De zorg voor onze gezondheid begint bij het organiseren van een gezonde samenleving. Of het nu gaat om schulden, geestelijke gezondheid of problematisch overgewicht, het is cruciaal om problemen aan te pakken voordat mensen gezondheidsproblemen krijgen. Daarom investeren we in publieke voorzieningen, zorgen we dat iedereen kan rondkomen en garanderen we dat iedereen toegang heeft tot schone lucht, schoon water, goed voedsel en een fijne leefomgeving. Ook armoede en schulden kunnen een belangrijke bron van stress zijn. We willen daarom dat het minimumloon en het sociaal minimum worden verhoogd. Daarnaast moet het makkelijker worden om van je schulden af te komen.

Er moet meer aandacht zijn voor collectieve preventie. Wat ons betreft moeten regionale zorgfondsen worden gestimuleerd om 5%van hun budgetten te besteden aan preventie. Ook het ministerie van Volksgezondheid, Welzijn en Sport gaat meer geld uitgeven aan preventie. Preventie is vaak gericht op individuele leefstijlveranderingen, maar wij willen ook meer aandacht voor collectieve preventie. Daarom verankeren we een integrale aanpak van suïcidepreventie in de wet. Daarnaast formuleren we, analoog aan de klimaatdoelen, wettelijke gezondheidsdoelen die richtinggevend zijn voor landelijke, regionale en lokale partijen.

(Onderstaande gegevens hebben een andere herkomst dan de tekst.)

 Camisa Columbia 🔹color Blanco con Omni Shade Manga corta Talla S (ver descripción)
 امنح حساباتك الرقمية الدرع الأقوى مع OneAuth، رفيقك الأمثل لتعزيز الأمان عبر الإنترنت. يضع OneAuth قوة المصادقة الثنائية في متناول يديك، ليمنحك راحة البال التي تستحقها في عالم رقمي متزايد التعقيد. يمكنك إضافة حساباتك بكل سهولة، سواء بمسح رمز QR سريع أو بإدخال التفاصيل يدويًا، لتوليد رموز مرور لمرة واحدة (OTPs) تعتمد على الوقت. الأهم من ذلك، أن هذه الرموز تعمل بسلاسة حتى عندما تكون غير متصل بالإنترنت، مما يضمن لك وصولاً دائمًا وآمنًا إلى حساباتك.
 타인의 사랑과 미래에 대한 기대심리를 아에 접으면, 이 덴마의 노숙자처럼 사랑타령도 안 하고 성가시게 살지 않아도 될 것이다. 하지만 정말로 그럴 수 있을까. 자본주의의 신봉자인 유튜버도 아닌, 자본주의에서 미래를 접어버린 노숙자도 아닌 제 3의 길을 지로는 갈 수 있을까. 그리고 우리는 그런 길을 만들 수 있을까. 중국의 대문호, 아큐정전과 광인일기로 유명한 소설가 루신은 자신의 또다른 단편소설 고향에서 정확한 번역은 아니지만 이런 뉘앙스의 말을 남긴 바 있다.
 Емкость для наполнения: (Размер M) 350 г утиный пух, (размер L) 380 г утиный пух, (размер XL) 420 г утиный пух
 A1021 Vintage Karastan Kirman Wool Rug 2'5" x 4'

In de eerste lijn worden zorg, preventie en het sociaal domein veel nadrukkelijker aan elkaar verbonden. In de buurten en wijken wordt meer gezamenlijk ingezet op de brede gezondheid van burgers, bijvoorbeeld via het opzetten van brede gezondheidscentra. Deze inzet wordt deels gefinancierd uit de zorgfondsen en deels door de gemeenten, onder andere vanuit de Wet maatschappelijke ondersteuning.

Mentale gezondheid in het onderwijs. We blijven scherp letten op de prestatiedruk in zowel het primair als het voortgezet onderwijs en moedigen scholen aan om in gesprek te gaan met leerlingen over mentale gezondheid. Ook gaan we preventieve lessen aanbieden over mentale gezondheid in het PO en VO.

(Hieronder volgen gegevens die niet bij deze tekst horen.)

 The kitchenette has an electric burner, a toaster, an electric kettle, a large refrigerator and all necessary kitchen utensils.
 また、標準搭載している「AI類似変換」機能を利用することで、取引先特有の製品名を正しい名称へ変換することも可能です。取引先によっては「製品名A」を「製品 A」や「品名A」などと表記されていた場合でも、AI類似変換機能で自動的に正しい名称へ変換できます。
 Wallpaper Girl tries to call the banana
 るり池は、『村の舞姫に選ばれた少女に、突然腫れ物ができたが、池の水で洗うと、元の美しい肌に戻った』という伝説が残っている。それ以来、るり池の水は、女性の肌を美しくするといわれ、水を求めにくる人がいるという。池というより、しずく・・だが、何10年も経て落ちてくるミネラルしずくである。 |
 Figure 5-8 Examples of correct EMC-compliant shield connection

Het terugdringen van de enorme prestatiedruk onder studenten maken we de komende jaren topprioriteit. Dat doen we onder meer door van het bindend studieadvies een niet bindend advies te maken. Het profileringsfonds, dat studenten ondersteunt die vertraging oplopen door ziekte, zwangerschap of lidmaatschap van een medezeggenschapsorgaan, breiden we uit. We
roepen een halt toe aan hogere collegegelden voor zogenaamde honours-programma’s.

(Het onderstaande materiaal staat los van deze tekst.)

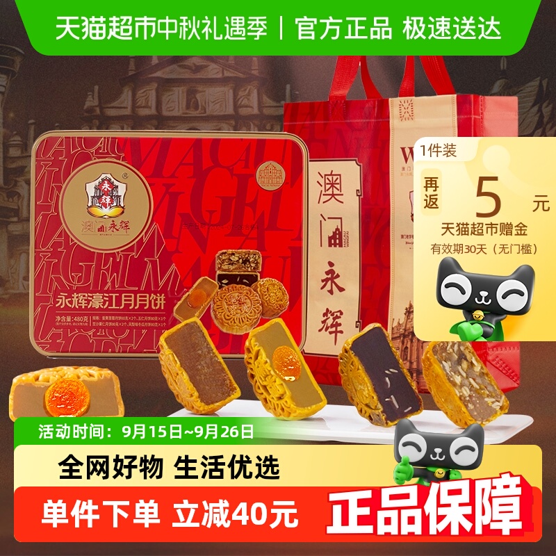 澳门永辉广式月饼濠江月4口味礼盒中秋礼企业购网红零食糕点
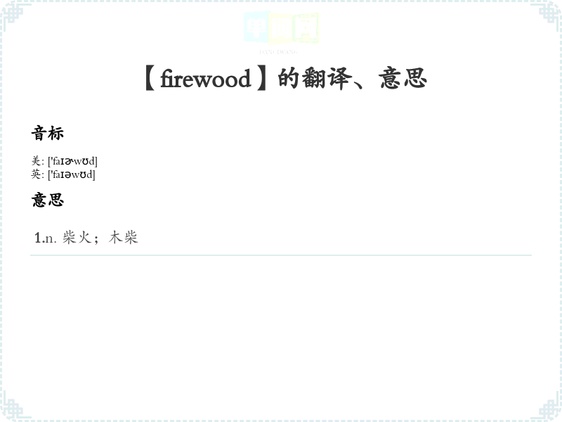 - 音标:/ˈfaɪərˌwʊd/

SP over preventie en bevorderen mentale gezondheid

De zorgvraag naar geestelijke gezondheidszorg en mentale gezondheid in het algemeen hangen erg nauw samen met sociaaleconomische status. Deze relatie is sterker dan bij de meeste andere typen zorg. Gemiddeld genomen zien we dat mensen met een lagere sociaaleconomische bijvoorbeeld een lager mentaal welbevinden, meer psychische klachten en een hoger ggz-zorggebruik hebben. De afgelopen jaren is de ongelijkheid in onze samenleving alsmaar groter geworden. Deze tweedeling is geen natuurverschijnsel, maar het gevolg van bewust beleid. Wat de SP betreft gaan we deze ongelijkheid bestrijden en de bestaanszekerheid bevorderen, waarbij we dus ook verwachten dat dit een positieve invloed gaat hebben op de mentale gezondheid in onze samenleving. Zo willen we het minimumloon naar 16 euro, waarbij ook de daaraan gekoppelde uitkeringen meestijgen, stellen we een maximum huurprijs in voor alle woningen en schaffen we het eigen risico af.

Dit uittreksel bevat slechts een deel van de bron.